You want to increase your sexual repertoire. Understandable. If it was me, my sole focus would be on finding out why my wife can only tolerate my touch for brief moments and is highly averse to touching me. In fact, I would have sex with a woman who responded that way to me. Or wouldn't kiss me.


----------



## east2west (Oct 19, 2012)

MEM11363 said:


> Therapy got shot down because she said it would result in a divorce recommendation.


I see this kind of thing in a lot of threads. The offending partner refuses therapy because they do not want to hear what they already know. They are a bad spouse. It means that they believe the marriage is bad for their spouse and also not fixable, yet insist on continuing it for selfish reasons.

If I was married to someone who talked to me this I way I would respond that then we should just skip the therapy and go straight to divorce if you are so sure that the marriage is doomed.


----------



## Cletus (Apr 27, 2012)

MEM11363 said:


> Cletus,
> How good is your non sexual affection with each other?


Up and down over the years, like most. I have the ability through my level of affection to impact how often we have sex, but not to impact how we have sex.



> Does your wife seek out your touch, or touch you first, or melt into your hugs?


Yes. She is not touch averse in the least except as it pertains to sex. She enjoys and initiates hand holding, hugging, and lounging together. She thoroughly enjoys my touch in and out of bed and reciprocates as long as it remains "appropriate". She will touch me as part of foreplay, but can't tolerate my touching her sexually.



> Does she like to give or get massages, back scratches?


Yes to both.

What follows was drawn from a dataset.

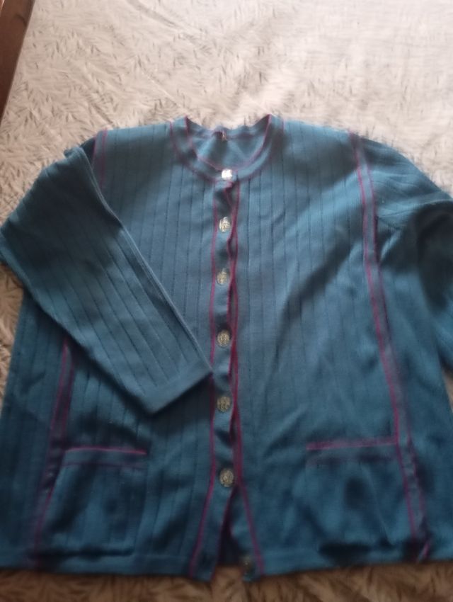 Chaqueta azul con ribete rosa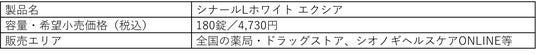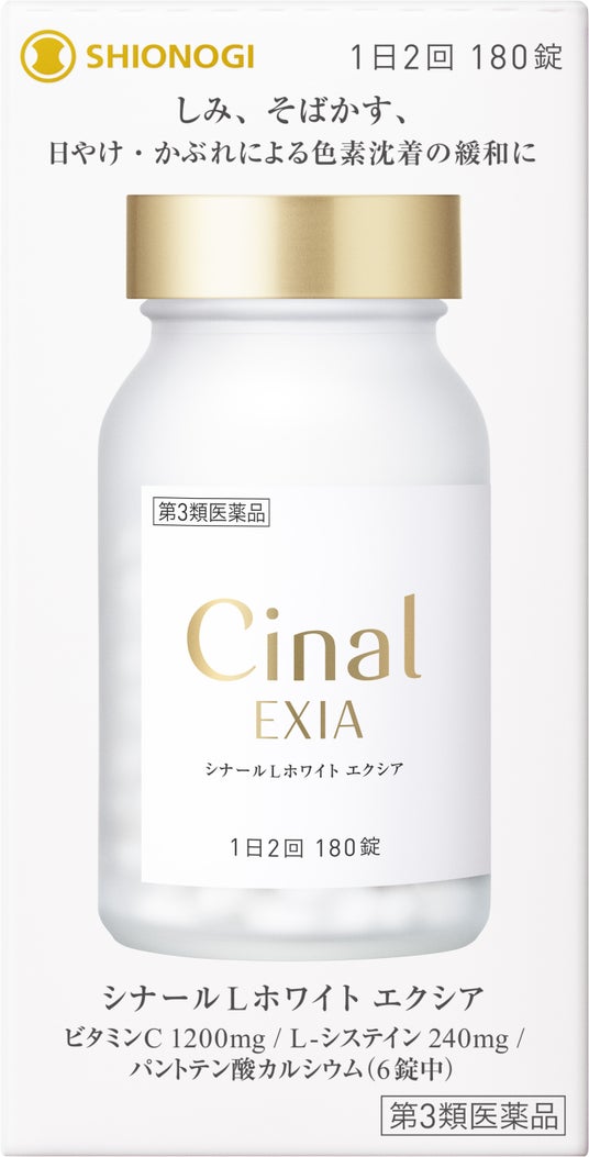 シナールLホワイト エクシア (第3類医薬品)ビタミンC1,200mg、L-システイン240mgを配合(6錠中)したビタミンC主薬製剤。身体の内側から代謝を促すはたらきをもつ「L-システイン」が、表皮の奥深くにあるメラノサイトにアプローチし、メラニンの生成を抑制。また、ビタミンCの働きによりできてしまった黒色メラニンも淡色化します。さらに、肌の正常なはたらきをサポートする肌活性化成分として、ビオチン、パントテン酸カルシウム、ビタミンB6を配合。細胞レベルのシミ対策を促します。

I bought a full sized massage table years ago that sees frequent use.



> Is it possible your wife is super orgasmic to speed the process along?


Don't think so. She's very goal oriented in sex - the goal being to efficiently get to the conclusion. Not because intercourse itself is unpleasant, but simply because it's to her the whole point of the exercise. Long foreplay and non-intercourse activity is perceived as irritating or boring.



> If she comes fast and has been satisfied, why is she so averse to switching to doggy style at that point?


$100 to anyone who can answer this question. Far as I can tell, this falls into the same category as my distaste for Brussel sprouts.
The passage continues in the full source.